== Supplied information ==

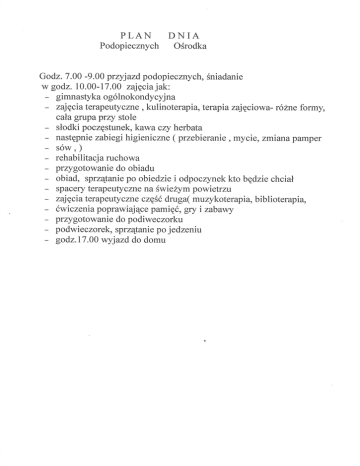 PLAN Podopie DNIA cznych ośrodka Godz. 7. 00 . 9. 0 0 ptryj azd podopie czny ch, śniadanie w godz. 10.00.17.00 zajęciajak: gimnasĘka ogólnokondycyj na zajęcia terapeuty czne, kulinoterapia, terapia zaj ęciow a. tóźme formy, cała grupa przy stole stodki poczęsfunek, kawa czy herbata następni e zabiegi higieni czne ( przebieranie , mycie, zmiana pamper sów, ) rehabilitacja ruchowa przygotowanię do obiadu obiad, sprzątanie po obiedzie i odpoczynęk kto będzie chciał Spacery terapeutycznę na świezym powietrzu zajęcia terapeuty czne częśódruga( muzykoterapia, biblioter apia, ćwiczęnia poprawiające pamięć, gry i zabawy prry gotowanie do podiweczorku podwiec zor ek, spr zątanie po j edzeniu godz.l7.00 vrryjazd do domu
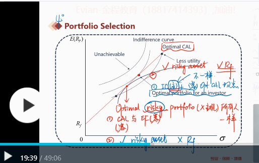 ②视频里面说,optimal CAL与IC线相切,optimal CAL线就包含了risk-free asset和risky asset?这个又该怎么理解?
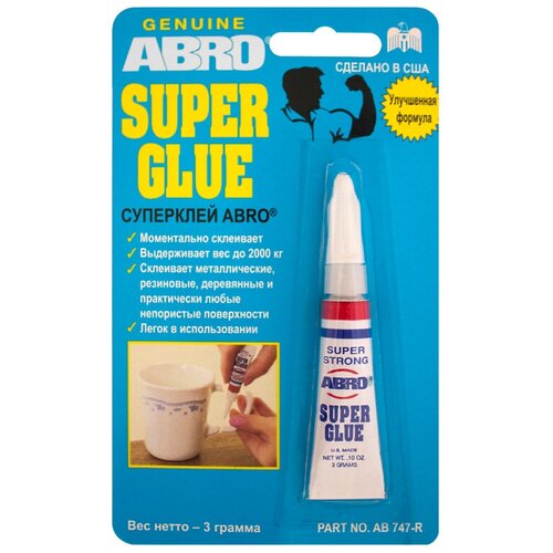 ABRO Клей-супер "ABRO" (3г). Cодержит цианоакрилат. Предназначен для моментального склеивания металлических, пластмассовых, деревянных, резиновых и почти всех непористых поверхностей, за исключением некоторых пластмасс, тефлона, пенорезины и ткани. Устойчив к перепадам температуры и большинству химикатов. Моментально склеивает. Склеивает любые.
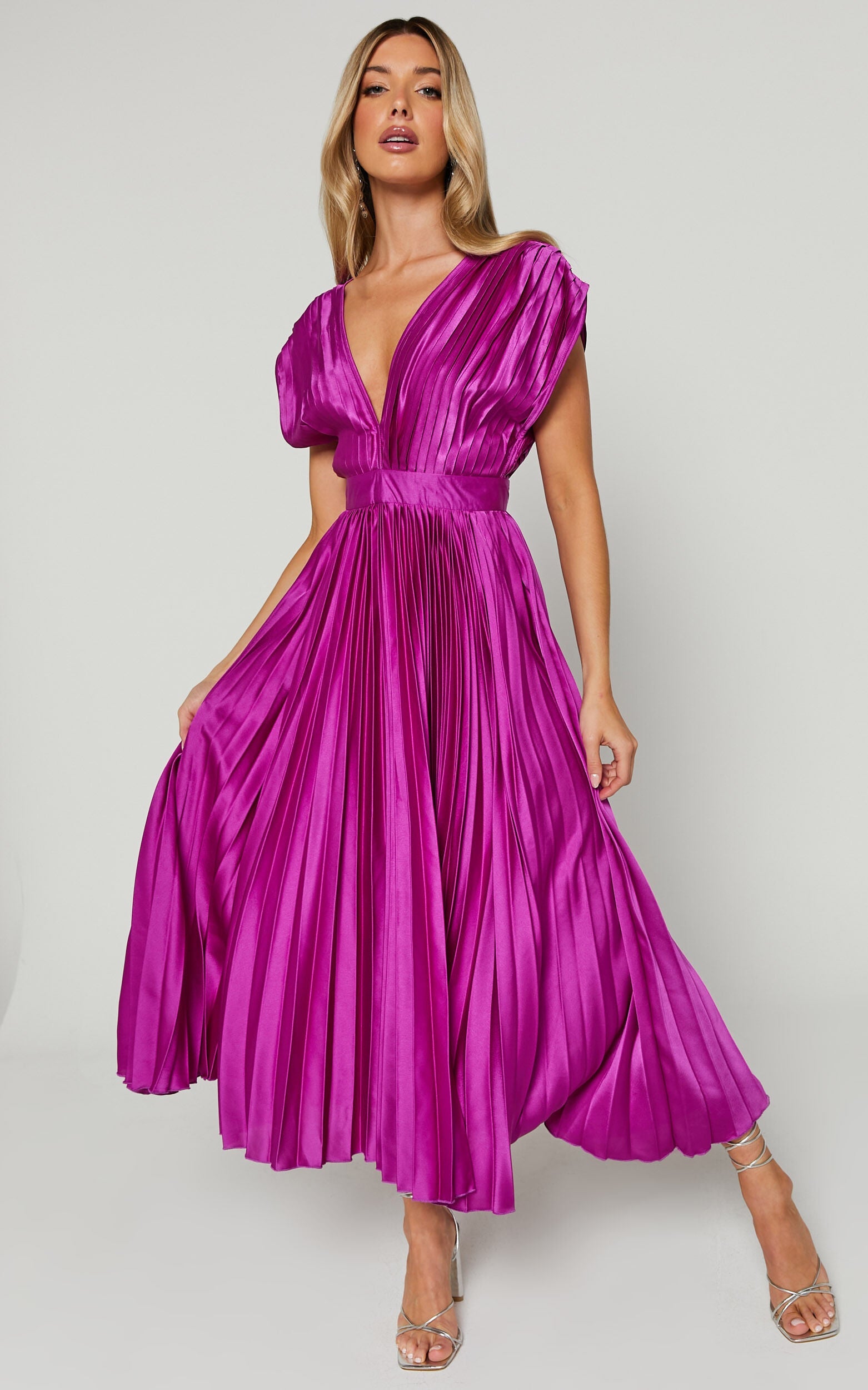 Make a statement at your next formal event with the Della Maxi Dress in Grape. This stunning purple dress features a plunging neckline and short sleeves, perfect for showing off your sense of style. The pleated design adds an elegant touch, while the maxi length creates a sophisticated look. Whether you're attending a wedding or hitting the dance floor at prom, this dress is sure to turn heads. Embrace your inner fashionista and step into the spotlight with confidence in the Della Maxi Dress - because every girl deserves to feel like royalty.

===

◆ **What is needed**: Retyping should start at the first line of the data above and stop after the line with "склеивает. Склеивает любые.", and no picture should be included.

◆ **Answer section**:
 PLAN Podopie DNIA cznych ośrodka Godz. 7. 00 . 9. 0 0 ptryj azd podopie czny ch, śniadanie w godz. 10.00.17.00 zajęciajak: gimnasĘka ogólnokondycyj na zajęcia terapeuty czne, kulinoterapia, terapia zaj ęciow a. tóźme formy, cała grupa przy stole stodki poczęsfunek, kawa czy herbata następni e zabiegi higieni czne ( przebieranie , mycie, zmiana pamper sów, ) rehabilitacja ruchowa przygotowanię do obiadu obiad, sprzątanie po obiedzie i odpoczynęk kto będzie chciał Spacery terapeutycznę na świezym powietrzu zajęcia terapeuty czne częśódruga( muzykoterapia, biblioter apia, ćwiczęnia poprawiające pamięć, gry i zabawy prry gotowanie do podiweczorku podwiec zor ek, spr zątanie po j edzeniu godz.l7.00 vrryjazd do domu
 ②视频里面说,optimal CAL与IC线相切,optimal CAL线就包含了risk-free asset和risky asset?这个又该怎么理解?
 ABRO Клей-супер "ABRO" (3г). Cодержит цианоакрилат. Предназначен для моментального склеивания металлических, пластмассовых, деревянных, резиновых и почти всех непористых поверхностей, за исключением некоторых пластмасс, тефлона, пенорезины и ткани. Устойчив к перепадам температуры и большинству химикатов. Моментально склеивает. Склеивает любые.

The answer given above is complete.